As Florida couples consider divorce, they might think about the welfare of their children or the disposition of their property. Another critical issue they may want to consider is their tax returns going forward. That is because divorce may have several implications on the way both spouses file their taxes.
For instance, divorce will change a spouse’s filing status. The IRS determines individuals’ tax status based on their relationship status on the last day of the tax year. Therefore, if couples divorce any time prior to year’s end, each spouse must file as either single or head of household, with the latter status available only if a qualified dependent lives with the taxpayer. This status is important since it determines the spouse’s tax bracket and eligibility for exemptions, deductions and credits.
When couples separate but do not legally divorce by year’s end, they may file separately or jointly. Spouses who file jointly may take advantage of certain tax credits but are also liable for their partner’s tax liability.
Some parents may believe that child support is tax-deductible, but this is not the case.

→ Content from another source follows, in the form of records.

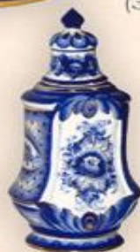
Штоф "Весенний" (0,75 л.)
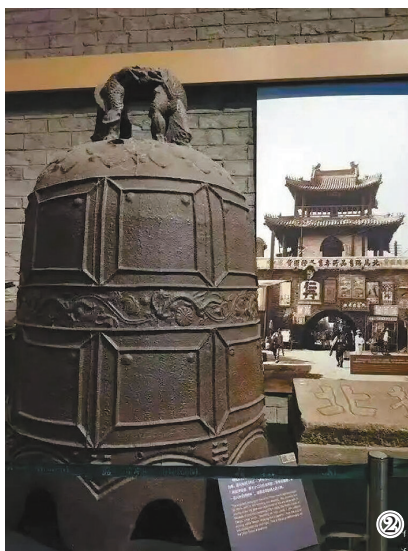
图①:1921年新建的鼓楼。图②:现保存在天津博物馆的原鼓楼大钟。

容为:“高敞快登临,看七十二沽往来帆影;繁华谁唤醒,听一百八杵早晚钟声”。鼓楼东面的门额上写有“声闻于天”四个字。
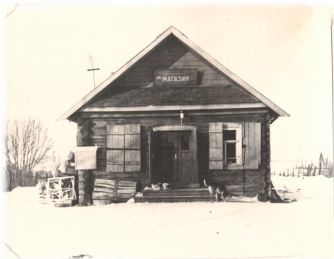
Магазин в д. Пятницкое в 1973 году
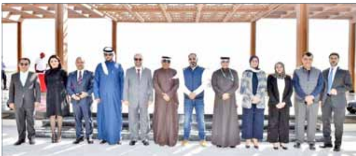
على هامش الاجتماع

سترة - جيبك: استضافت شركة الخليج لصناعة البتر وكيمياويات "جيبك" يوم 16 يناير الجاري الاجتماع المشترك لطاقيم العلاقات العامة والإعلام بالهيئة الوطنية للنفط والغاز، وشركة الأسمدة العربية السعودية (سافكو) التابعة إلى الشركة السعودية للصناعات الأساسية (سابك)، وشركة الخليج لصناعة البتر وكيمياويات.

However, spousal support is tax-deductible, even for individuals who do not itemize their deductions. The alimony-paying spouse must remember to retain the alimony-receiving spouse’s Social Security number in order to receive tax deductions for those payments and to not pay a $50 penalty. Since the IRS considers alimony payments taxable income, the spouse who receives the support must include this amount on his or her tax-filings.
These issues may be complicated, and so individuals going through divorce often consult with a family law attorney. Similar to asset division and child custody, tax implications are a major consideration in any divorce.